• **Exercise aim**
Search the material and gather each line with "from" in it.

• **Information shown**
┄┄┄┄┄┄┄┄┄┄┄┄┄┄┄┄┄┄┄┄
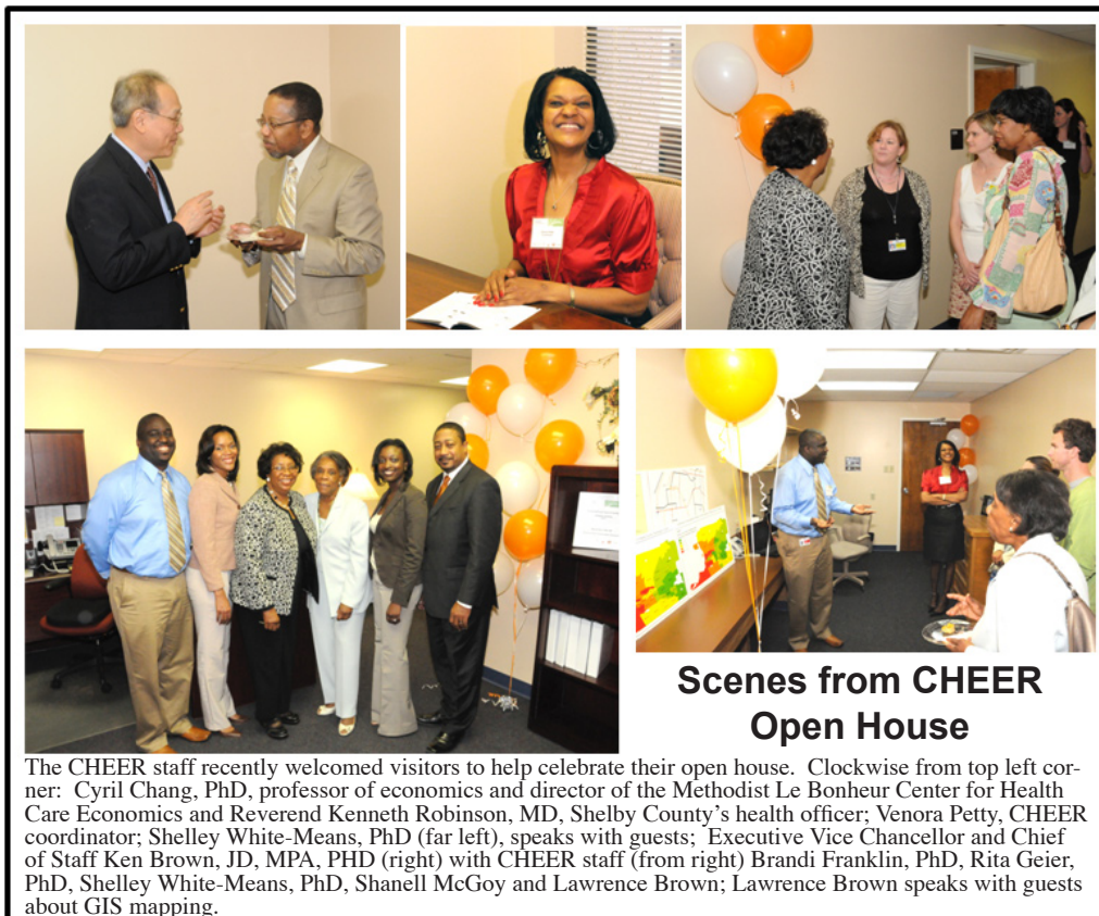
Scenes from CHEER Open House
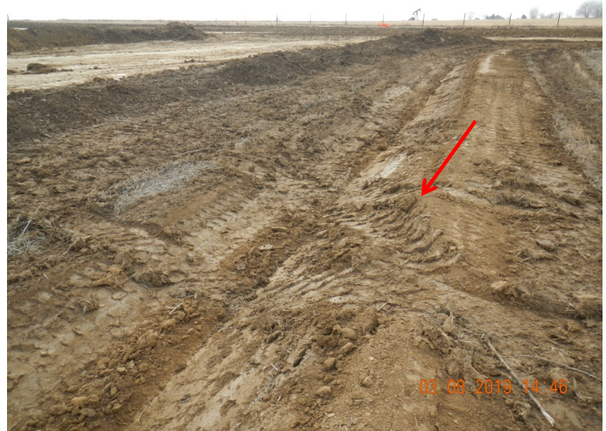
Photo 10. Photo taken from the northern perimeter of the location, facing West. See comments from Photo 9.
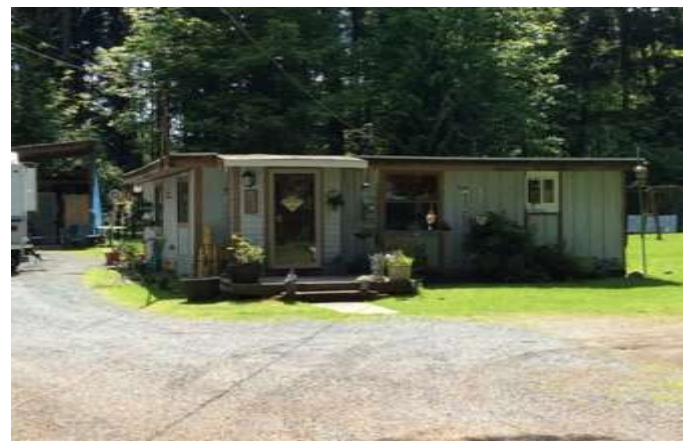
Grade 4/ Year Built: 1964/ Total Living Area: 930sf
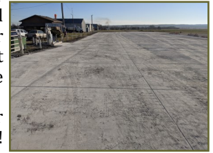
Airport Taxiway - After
┄┄┄┄┄┄┄┄┄┄┄┄┄┄┄┄┄┄┄┄
• **Response box**
Scenes from CHEER Open House
Photo 10. Photo taken from the northern perimeter of the location, facing West. See comments from Photo 9.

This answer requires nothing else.